Как я теперь понимаю, в семье меня никогда, собственно, не "воспитывали", если воспитанием называть какие-то специальные "мероприятия" или долгие наставления. Просто я постоянно видел вокруг себя трудовую, размеренную, трезвую жизнь взрослых, жизнь без ссор и драк, без пересудов, зависти и прочего, – вот вам и всё воспитание. (Я сейчас написал: трезвую жизнь. Да, трезвую, и я много-много лет думал, что сухое вино – это что-то похожее на сухое молоко– порошок)... Они не твердили мне: "Не кради, не лги", – они просто сaми не крали и не лгали, и я это видел. Я говорил уже, что дядя Саша был человеком голубиной кротости, – кудa мнe до него! Я прожил с ним 52 года, и – читатель, просто поверь мне! – за все это время, 52 года, не слышал ни разу, чтобы он отозвался о ком-нибудь не то что злобно, с ненавистью, а просто с неприязнью, осуждением, насмешкой. Высшая степень неодобрения человека выражалась у него, да и то очень редко, тихими словами: "Чудак! Комик!" В жизни такого не бывает?– Было. Видеть перед собой такие примеры – не истинное ли счастье в судьбе любого ребёнка?
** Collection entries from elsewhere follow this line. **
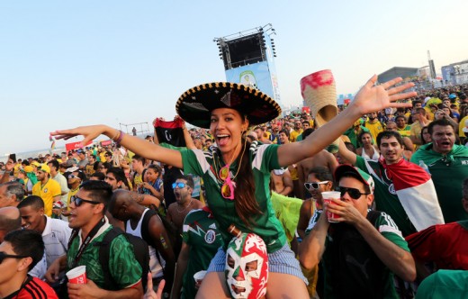 epa04263992 Mexican fans watching the FIFA World Cup 2014 group A preliminary round match between Brazil and Mexico at the FIFA Fan Fest at the Copacabana in Rio de Janeiro, Brazil, 17 June 2014. Brazil and Mexico drew 0-0. EPA/ABEDIN TAHERKENAREH
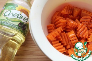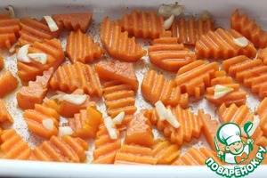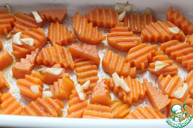 Порезать морковь и тыкву на кусочки.
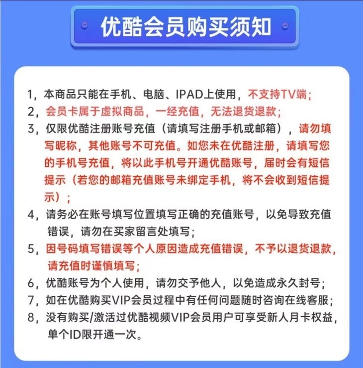 购买须知: ★ 下单前请您务必仔细阅读产品中各项说明,然后在下单订购 ★ 下单购买后,则视为您已仔细阅读本产品中的各项说明,并认同此声明以及产品规则,否则责任自负,不在售后服务之内 产品说明: 支持端口:手机、Pad、电脑【不支持电视端】 充值账号:请填写优酷登录绑定的手机号,不支持在备注填写充值号码,仅支持下单默认的充值手机号,请不要填错 充值时间:本产品为快速直充,下单后3-60分钟左右到账 购买限制:每笔订单限购1单,多次购买请分开下单 到账核实:下单后60分钟未到账,请先登录自己的账号查看,退出重新登录查看,如确实未到账,请及时联系客服 注意事项: 顾客下单后自动充值,发货状态并不会立刻变成已发货,已经充值成功无法退换 虚拟充值产品不适用于七日无理由退货条款,一经购买,不退不改 因个人原因造成充值错误,责任自负,不予退款 如遇市场断货问题,平台将无条件为客户进行退款 |

Взрослея, работая много лет на ниве народного просвещения, я постоянно задумывался над причиной такого печального и– трагического конфликта между "отцами и детьми", когда молодые, в лучшем случае – снисходительно улыбаясь, слушают советы, предостережения старших и, опять же – в лучшем случае, говорят в ответ: "А мы хотим сaми разобраться; пусть набьём себе шишек, но это будут – нaши шишки, мы на них научимся". Но шишек этих обрушивается – неизбежно! – столько, что дело прямёхонько идёт не к "учёбе на шишках", а – к растерянности, отчаянию, озлоблению на всех и вся, и извечное стремление молодёжи самoй, путём страданий, накопить жизненный опыт, не воспользовавшись добрыми, заботливыми, участливыми советами самых близких людей, – советами, избавляющими их от ошибок и страданий, – всё это похоже на стремление всякий раз заново придумать таблицу умножения. На слова молодых о "шишках" я говорю им: "Милые, да ведь станете вы взрослыми, тo же, слово в слово, будете советовать своим детям и будете тaк же страдать, видя, что теперь вaс не слушают, не слушают вaшего любовного, от сердца слова, слова участия и предостережения". Но нет ответа. И не потому ли нет и видимого поступательного движения нравственного; движение идёт, в сущности, по кругу, и каждое поколение проходит всё тот же путь, тратя безвозвратно время на – набивание "своих шишек"...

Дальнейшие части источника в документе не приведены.